━━━ DATA SHOWN
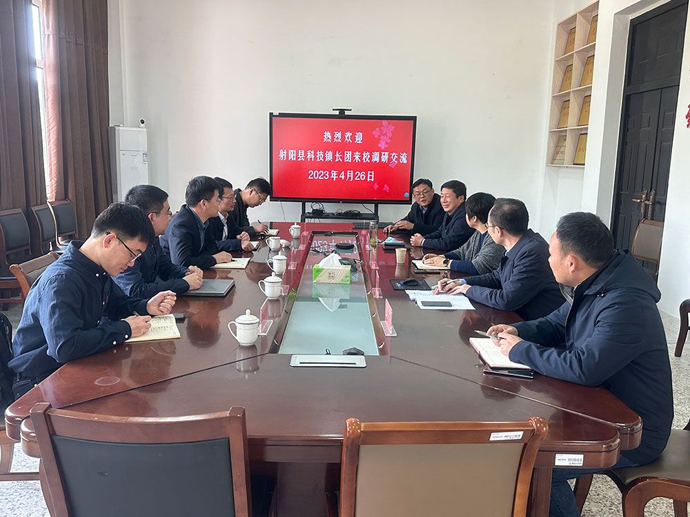 4月26日下午, 射阳县人民政府党组成员、科技镇长团团长王延杰一行7人来校调研交流校地合作相关事宜。公司党委常委、组织部部长邢晓平,williamhill英国官网经理周临震、党委书记徐子连接待射阳县科技镇长团一行,在机械工程馆A223会议室举行了合作交流会。
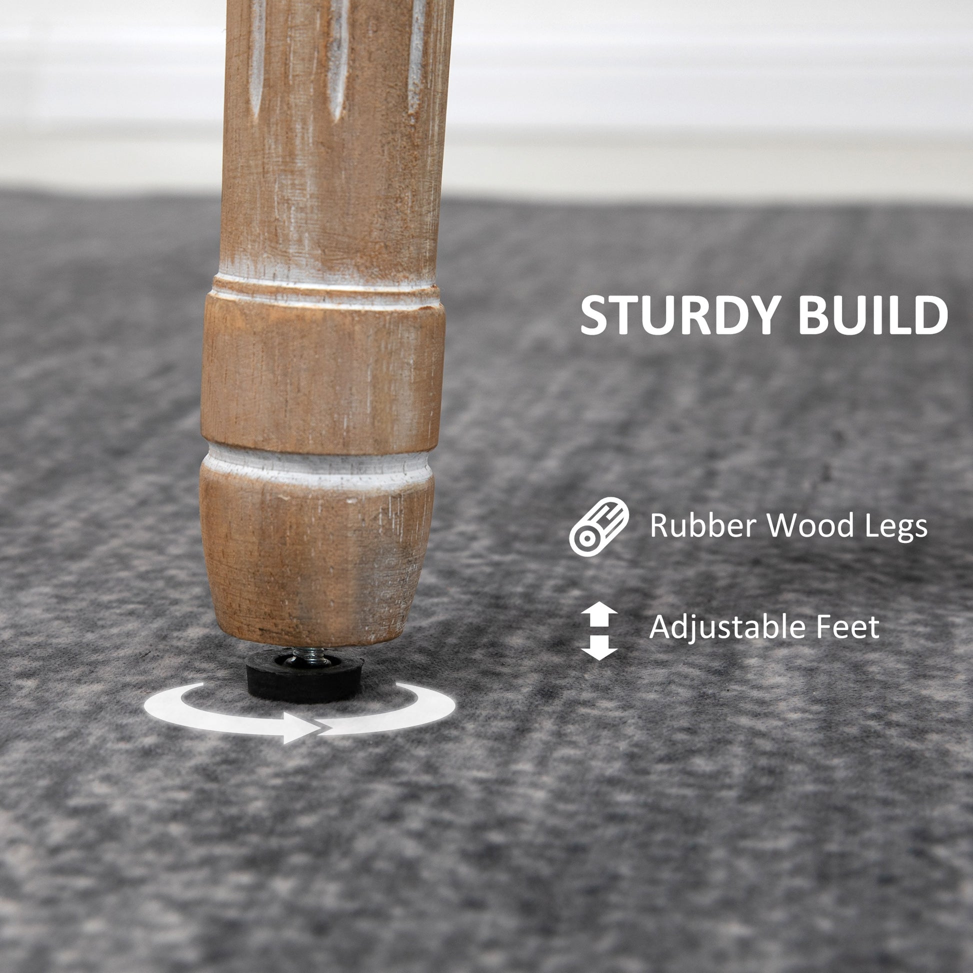 French inspired elegance for the home, with these two HOMCOM dining room chairs. Both frames are made from wood for strength, with the oval backs and fluted legs adding to the look. The thick sponge back and seat panels keep you comfortable, covered with smooth linen-look upholstery. Complete with adjustable feet for balance.
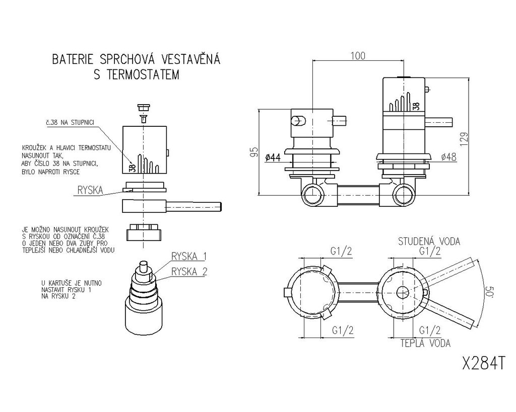 Vodovodní baterie do boxů s dvoucestným ventilem termostatická.
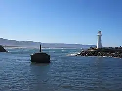 The shallowness of the entrance to the Hunter River continued to be a limitation on shipping into the 1920s[51] and a hazard during bad weather.[52] Work continued to improve the river mouth, during the 1930s, culminating in the excavation of a deep channel 600 feet wide, with 27 feet of water depth, effectively removing the rock bar at the river's mouth.[53][54] The improvements to the river entrance were a major engineering project for their time and a paper on the work won a Telford Premium award from the Institution of Civil Engineers for Percy Allan in 1921.[55]
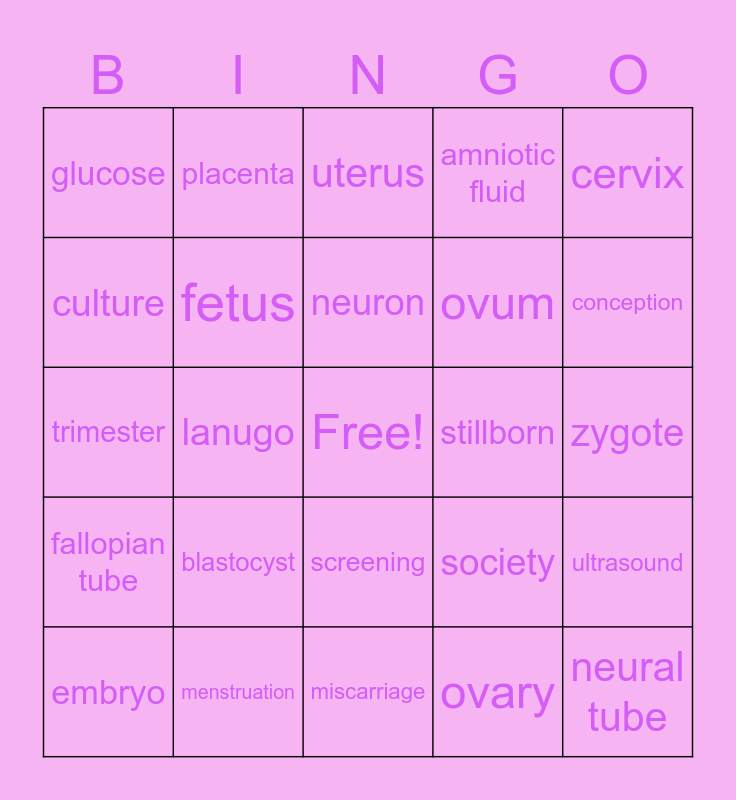 This bingo card has a free space and 24 words: blastocyst, menstruation, neuron, embryo, cervix, glucose, culture, placenta, stillborn, screening, ovum, trimester, society, ultrasound, fetus, ovary, zygote, uterus, conception, lanugo, neural tube, fallopian tube, amniotic fluid and miscarriage.
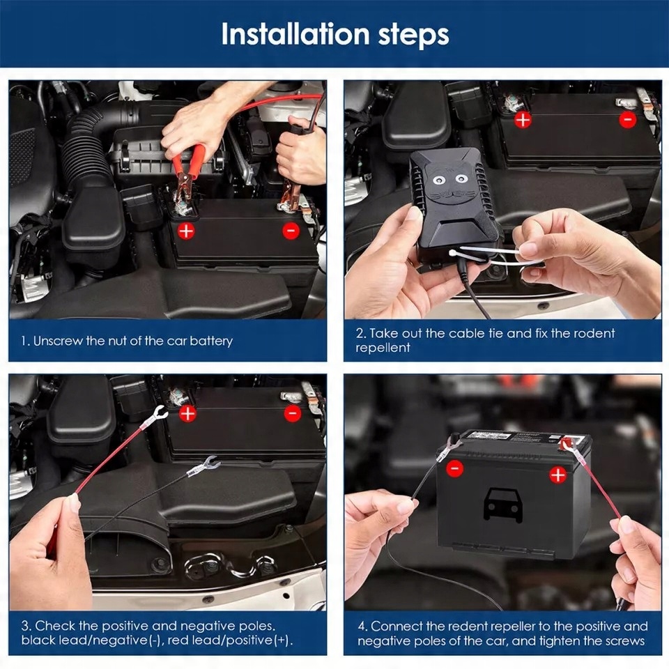 【Автоматичне ультразвукове релетор миші з двома сильними миготливими вогнями】: D Дуже ефективним релером Мінка може постійно змінювати ультразвукові хвилі з частотами від 18 кГц до 36 кГц, які ледь чують до вуха людини і запобігають тваринам адаптуватися до цього пакету. Пристрій також випромінює яскравий спалах світла, який відлякує гризунів та норки з вашої власності чи транспортного засобу. Він не містить приманки, він може бути використаний як альтернатива мишам пасток, коробки для приманки або живих пасток. (1) Покладіть 4 батареї AA (не включені). (2) Ви також можете підключити його до джерела живлення постійного струму 5-12 В за допомогою кабелю DC-USB (не включено). (3) Червона та чорна труба від репеленту комах у вигляді норки повинна бути підключена безпосередньо до 12-вольтового автомобіля. Якщо при запуску транспортного засобу виявляються вібрації, миша -релер перемикається на очікування. Коли машина зупиняється, миша відштовхує знову. Вам не потрібно турбуватися про вплив на людське тіло, ви можете безпечно використовувати його. Миша та щури виготовлені з екологічно чистого, високоякісного матеріалу ABS, міцного та теплового, і не завдають шкоди вашому автомобілю.
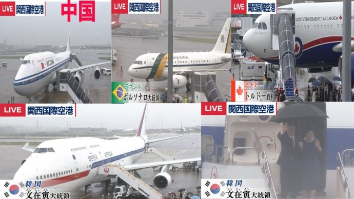 この日大阪に到着した首脳のうち、中国やブラジルの首脳は屋根のあるタラップを、トルコやベトナムの首脳は開放型タラップを利用した。>>3
━━━━━━
(WHAT YOU NEED TO DO) With the pictures removed, output the listing above exactly.

(EXERCISE SOLUTION)
 4月26日下午, 射阳县人民政府党组成员、科技镇长团团长王延杰一行7人来校调研交流校地合作相关事宜。公司党委常委、组织部部长邢晓平,williamhill英国官网经理周临震、党委书记徐子连接待射阳县科技镇长团一行,在机械工程馆A223会议室举行了合作交流会。
 French inspired elegance for the home, with these two HOMCOM dining room chairs. Both frames are made from wood for strength, with the oval backs and fluted legs adding to the look. The thick sponge back and seat panels keep you comfortable, covered with smooth linen-look upholstery. Complete with adjustable feet for balance.
 Vodovodní baterie do boxů s dvoucestným ventilem termostatická.
 The shallowness of the entrance to the Hunter River continued to be a limitation on shipping into the 1920s[51] and a hazard during bad weather.[52] Work continued to improve the river mouth, during the 1930s, culminating in the excavation of a deep channel 600 feet wide, with 27 feet of water depth, effectively removing the rock bar at the river's mouth.[53][54] The improvements to the river entrance were a major engineering project for their time and a paper on the work won a Telford Premium award from the Institution of Civil Engineers for Percy Allan in 1921.[55]
 This bingo card has a free space and 24 words: blastocyst, menstruation, neuron, embryo, cervix, glucose, culture, placenta, stillborn, screening, ovum, trimester, society, ultrasound, fetus, ovary, zygote, uterus, conception, lanugo, neural tube, fallopian tube, amniotic fluid and miscarriage.
 【Автоматичне ультразвукове релетор миші з двома сильними миготливими вогнями】: D Дуже ефективним релером Мінка може постійно змінювати ультразвукові хвилі з частотами від 18 кГц до 36 кГц, які ледь чують до вуха людини і запобігають тваринам адаптуватися до цього пакету. Пристрій також випромінює яскравий спалах світла, який відлякує гризунів та норки з вашої власності чи транспортного засобу. Він не містить приманки, він може бути використаний як альтернатива мишам пасток, коробки для приманки або живих пасток. (1) Покладіть 4 батареї AA (не включені). (2) Ви також можете підключити його до джерела живлення постійного струму 5-12 В за допомогою кабелю DC-USB (не включено). (3) Червона та чорна труба від репеленту комах у вигляді норки повинна бути підключена безпосередньо до 12-вольтового автомобіля. Якщо при запуску транспортного засобу виявляються вібрації, миша -релер перемикається на очікування. Коли машина зупиняється, миша відштовхує знову. Вам не потрібно турбуватися про вплив на людське тіло, ви можете безпечно використовувати його. Миша та щури виготовлені з екологічно чистого, високоякісного матеріалу ABS, міцного та теплового, і не завдають шкоди вашому автомобілю.
 この日大阪に到着した首脳のうち、中国やブラジルの首脳は屋根のあるタラップを、トルコやベトナムの首脳は開放型タラップを利用した。>>3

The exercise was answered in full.